GIVEN RECORDS below:
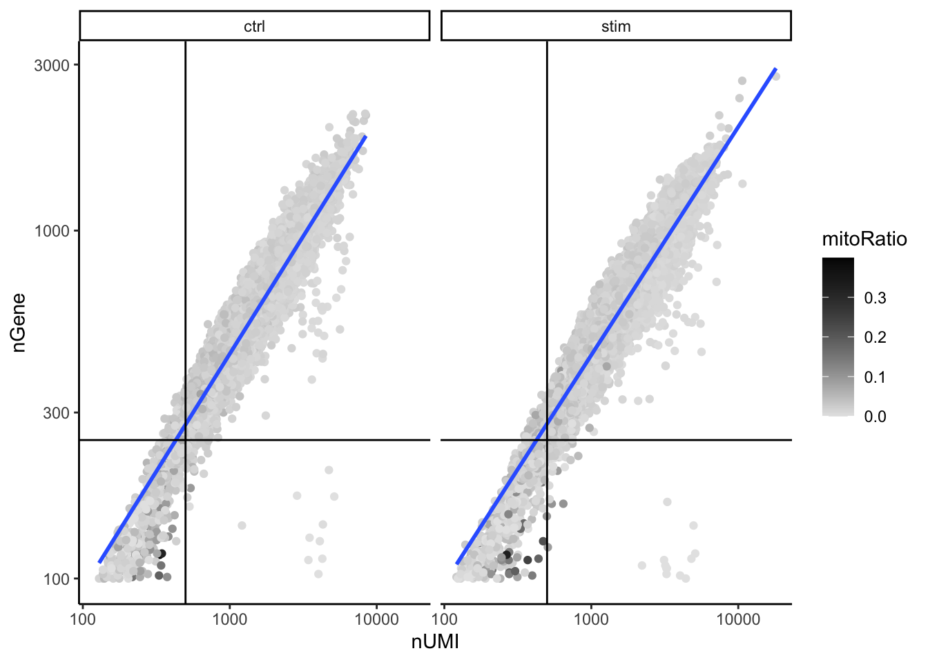 Good cells will generally exhibit both higher number of genes per cell and higher numbers of UMIs (upper right quadrant of the plot). Cells that are poor quality are likely to have low genes and UMIs per cell, and correspond to the data points in the bottom left quadrant of the plot. With this plot we also evaluate the slope of the line, and any scatter of data points in the bottom right hand quadrant of the plot. These cells have a high number of UMIs but only a few number of genes. These could be dying cells, but also could represent a population of a low complexity celltype (i.e red blood cells).
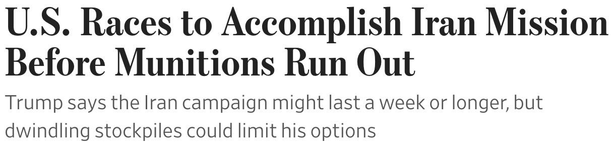 and what is this insanity? apparently, none of the shitwits running Operation Epstein Distraction expected Iran to fight back, and now we’re running out of munitions.
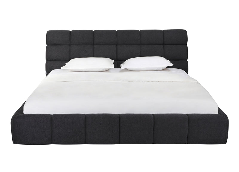 Owen Bed King, Fully Upholstered, Dark Grey Fabric, Head – board and Base in Padded Squares Design.
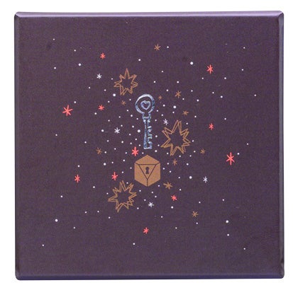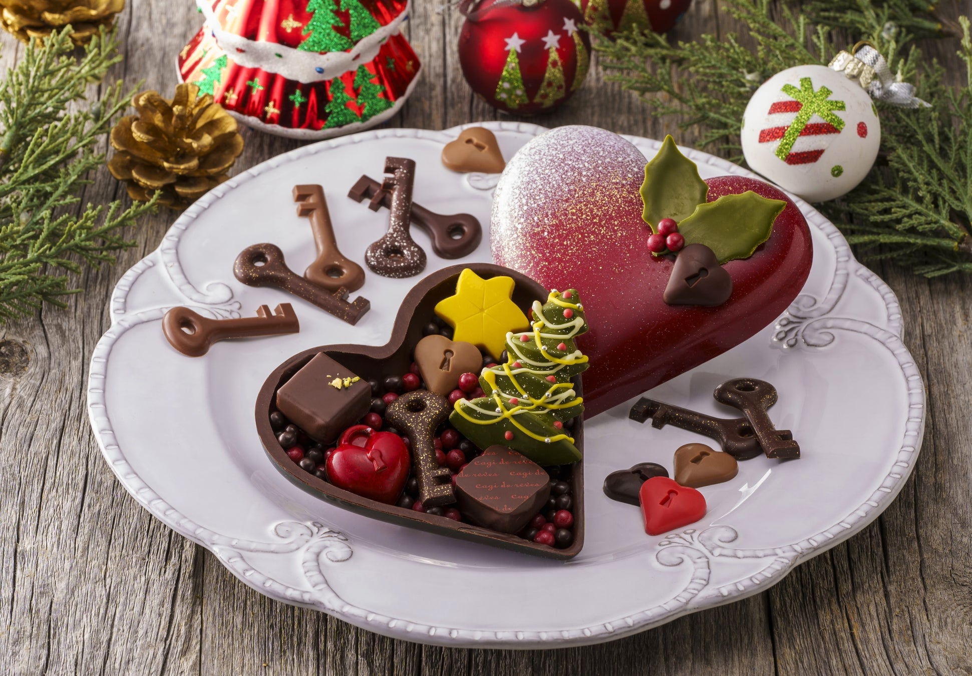 ひいらぎをあしらった大きなハートの器、ボンボンショコラ3粒(ナチュール、ピスタチオ、シャンパンフランボワーズ)、鍵型ショコラ1個(カカオ64%)、ハート型ショコラ1個(カカオ33%)、星型ショコラ1個、ツリー型ショコラ、パールショコラ2種(ノワール、フランボワーズ)
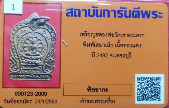 เหรียญเสมาเล็ก ลพ.วัดเขาตะเครา เนื้อทองแดง ปี2492 จ.เพชรบุรี พร้อมบัตรรับรอง |
End of GIVEN RECORDS.
*PROBLEM STATEMENT*.
Nothing but the text of the listing should be set down, exactly, with the pictures left behind.

*WORKED SOLUTION*.
 Good cells will generally exhibit both higher number of genes per cell and higher numbers of UMIs (upper right quadrant of the plot). Cells that are poor quality are likely to have low genes and UMIs per cell, and correspond to the data points in the bottom left quadrant of the plot. With this plot we also evaluate the slope of the line, and any scatter of data points in the bottom right hand quadrant of the plot. These cells have a high number of UMIs but only a few number of genes. These could be dying cells, but also could represent a population of a low complexity celltype (i.e red blood cells).
 and what is this insanity? apparently, none of the shitwits running Operation Epstein Distraction expected Iran to fight back, and now we’re running out of munitions.
 Owen Bed King, Fully Upholstered, Dark Grey Fabric, Head – board and Base in Padded Squares Design.
 ひいらぎをあしらった大きなハートの器、ボンボンショコラ3粒(ナチュール、ピスタチオ、シャンパンフランボワーズ)、鍵型ショコラ1個(カカオ64%)、ハート型ショコラ1個(カカオ33%)、星型ショコラ1個、ツリー型ショコラ、パールショコラ2種(ノワール、フランボワーズ)
 เหรียญเสมาเล็ก ลพ.วัดเขาตะเครา เนื้อทองแดง ปี2492 จ.เพชรบุรี พร้อมบัตรรับรอง |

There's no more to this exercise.